The 20-year-old member of Toronto's notorious Khadr family was captured in Afghanistan in the summer of 2002 and sent to the U.S. military compound in Cuba, where he faces accusations of killing U.S. Army Sgt. Christopher Speer during a battle between American troops and al-Qaida fighters.
Labelled by the U.S. as an "enemy combatant," Khadr faces a military trial for alleged war crimes, but it has been bogged down by legal challenges. Human rights groups have called for his return to Canada, saying that the U.S. treatment of its enemy combatants is an affront to justice.
"It would be unimaginable that this could happen to a 15-year-old in Canada," MacCarthy said Sunday in an interview.

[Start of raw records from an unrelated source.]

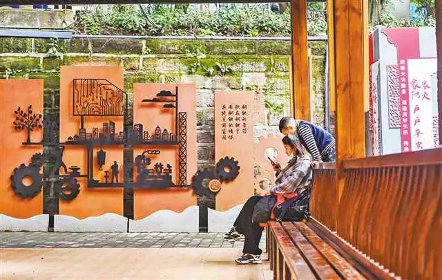 四月二日,重庆市渝中区双钢路小区,居民正在文化长廊里休闲。首席记者 龙帆 摄\视觉重庆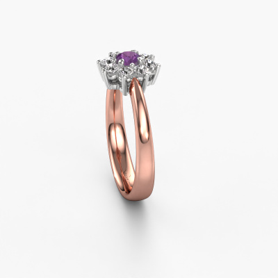 The ring shown above is called the Camille 1. We call this type of ring a cluster ring, the center gemstone is surrounded by smaller sized stones. This 14 Carat rose gold version is set with a 3.4 mm round amethyst center stone, embraced by smaller diamonds. The traditional rose gold cluster engagement ring stands out because of its shape. Together, the smaller and bigger sized amethyst gemstones form a flower and they appear to collide into one big sparkling gem. This traditional engagement ring is also known as the flower ring. Our expert Goldsmiths make sure the smaller diamonds stones are set identically so there is no light interference in the amethyst but unity instead. With perfect precision and a skillful hand each amethyst is set in the ring. During manufacturing, it is constantly monitored to make sure light reflects flawlessly. This results in a unique engagement ring, with a radiant amethyst at its centre. A lovely, meaningful gift to bestow upon the love of your life. By using our modern techniques, we can design and customize the finest quality jewels with the utmost care for you. Our engagement rings are always priced 30 percent lower than other jewelers. We make engagement rings to order so we don't have to maintain a large stock. If you have a certain budget, we are more than happy to advice you accordingly.Our team adds new designs to our online collection daily. Our designers and goldsmiths work together in creating the best design. We strive to offer a diverse collection of jewels. Perhaps you have a specific jewel design in mind. One you came across somewhere. Please contact us for a free consultation. We will make you an offer, based on a fair price/ quality ratio, that will baffle you.To make it easier for you, we offer a 30 day return policy. Check our terms and conditions.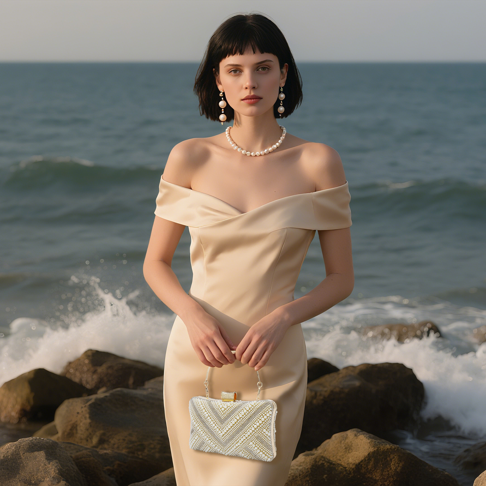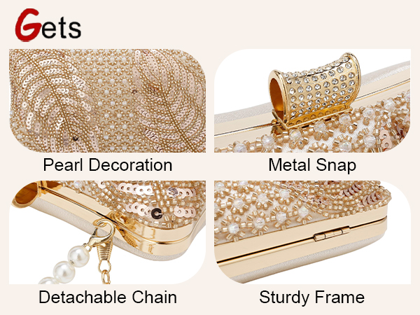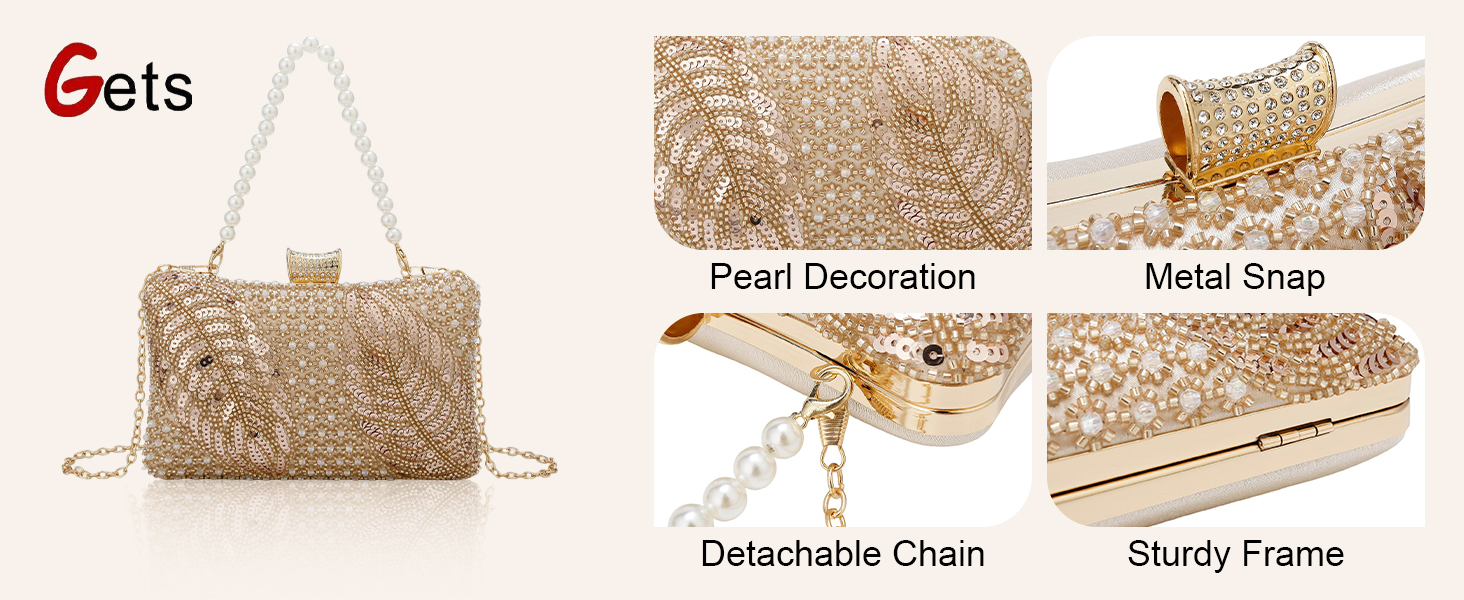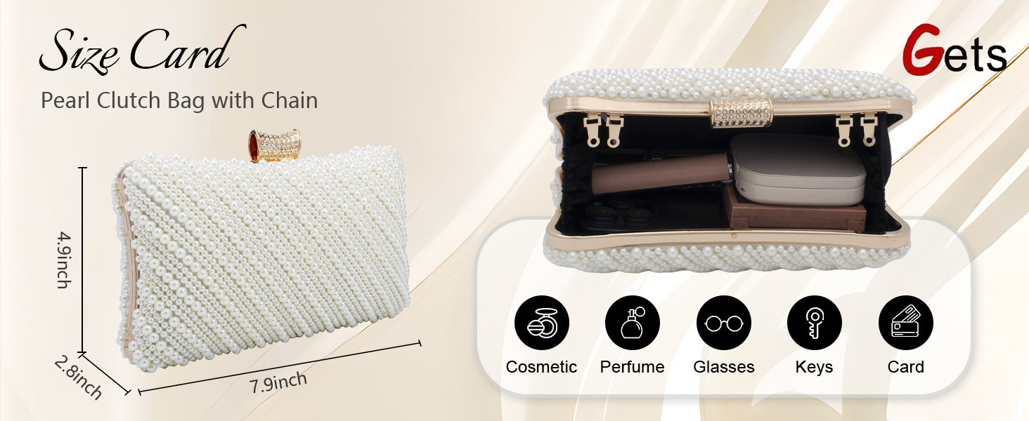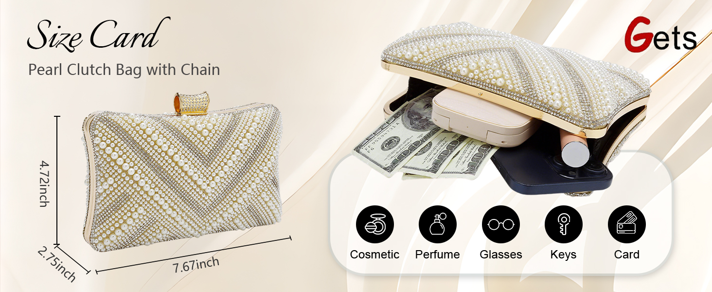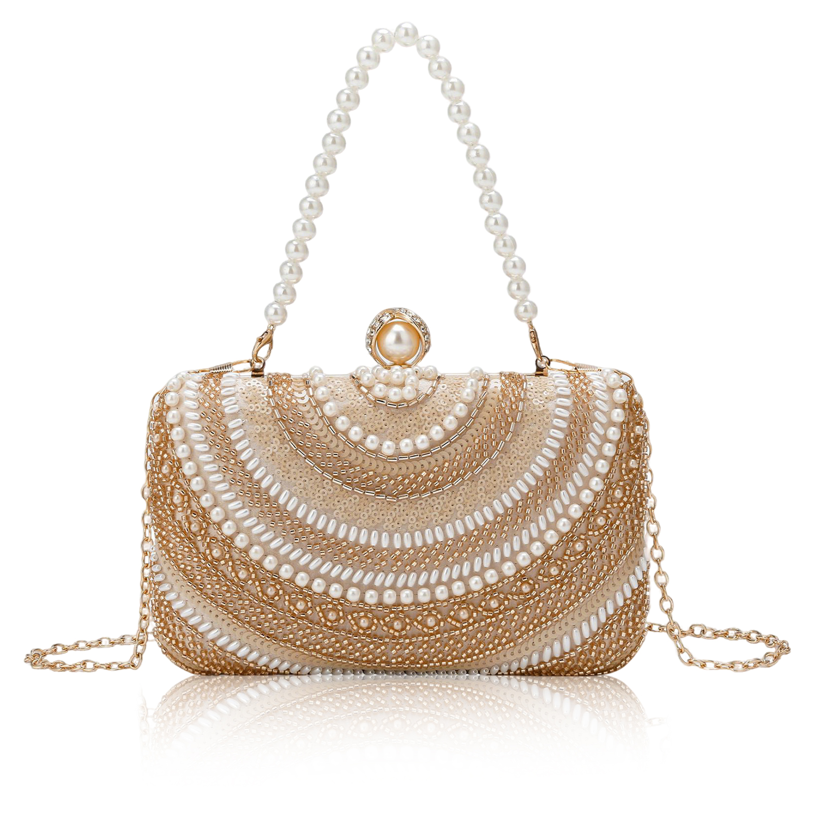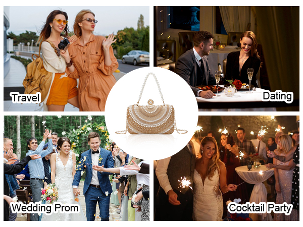Acrylique & Perle en plastique Sac d’embrayage Solide Beige pièce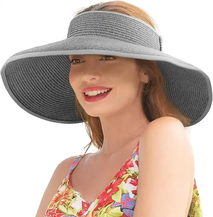 Livingston Sun Visors for Women Wide Brim Straw Hat Women Beach Visor Hats for Women Uv Protection Foldable Sun Hat Women Beach Hat, Grey, One size — Price History & Tracker | DeserTracker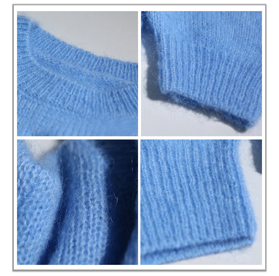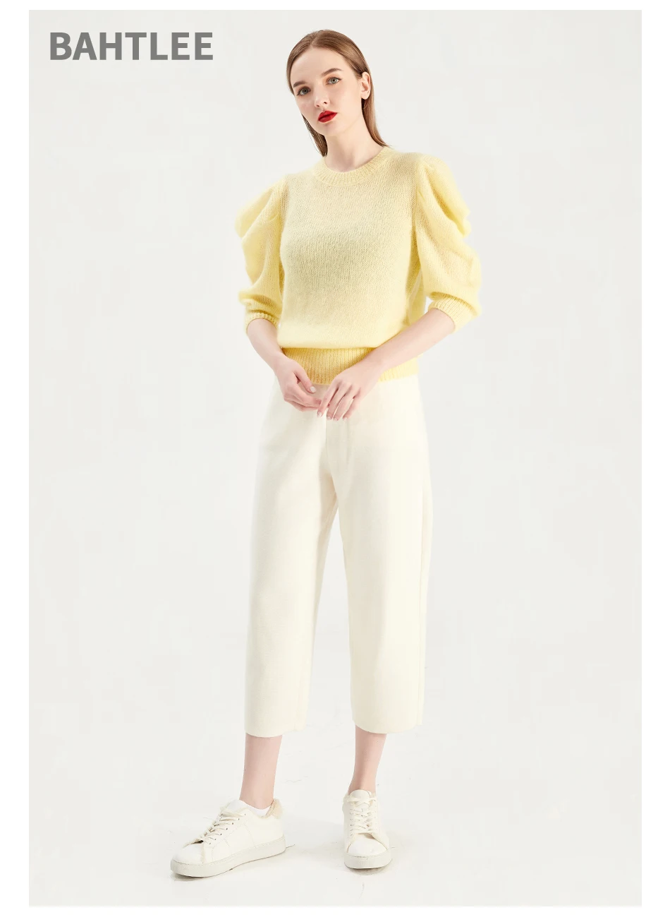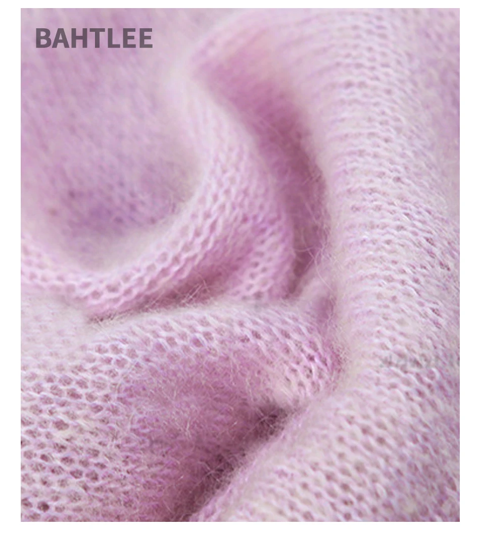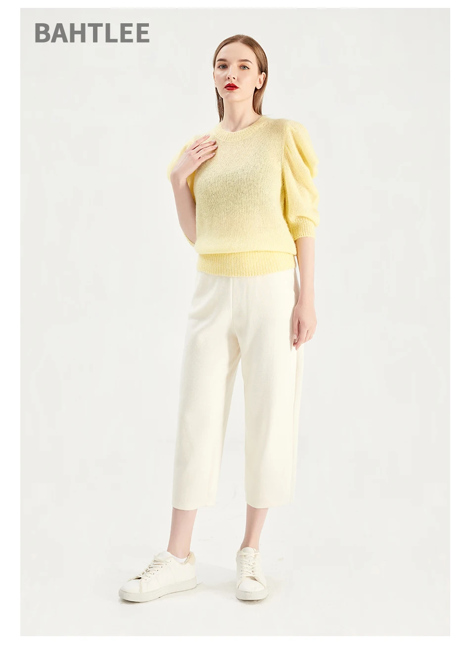 Пуловер BAHTLEE женский из мохера, свитер с круглым вырезом и рукавами-бабочками, шерстяной вязаный джемпер свободного кроя, весна-лето

He acknowledged that the Canadian legal community has been slow to take up Khadr's cause.
"I guess we can be faulted for not having intervened earlier," he conceded. "I think that, to a certain extent, we may have been lulled into a sense that what was taking place (at Guantanamo) had some basis in fairness."
Lt.-Cmdr. William Kuebler, the U.S. military lawyer assigned to defend Khadr, flew from Washington to Calgary on the weekend to address the bar association's annual meeting in an attempt to jolt them into action.
"I think that the Canadian legal community, like the Canadian government, like the Canadian people, has given the United States, their good ally and neighbour, the benefit of the doubt," Kuebler said in an interview.
Khadr is the only Western national remaining at Guantanamo Bay because other countries have successfully lobbied the U.S. to repatriate their citizens.
Kuebler, who visits Khadr regularly, said he is chained to the floor during visits. Kuebler said that the last time he saw the young man he asked for crayons and papers, an indication that he is anything but an adult. Also, he is going blind and his condition has been untreated, Kuebler said.
The Canadian government has refused to comment on the matter, other than to say Khadr faces serious charges.
If he were tried in Canada as a minor, the stiffest sentence he could face under the Youth Criminal Justice Act would be six years.
In the letter to Harper, MacCarthy points out that Canada is a signatory to the Optional Protocol to the Convention on the Rights of the Child on the Involvement of Children in Armed Combat. The protocol sets age 18 as the minimum for engaging in armed conflict.
Kuebler said he doubts the CBA's letter to Harper will produce results, but he urged the bar association to work to raise public awareness, just as he said the Australian law society did before the government there secured the repatriation of Guantanamo detainee David Hicks.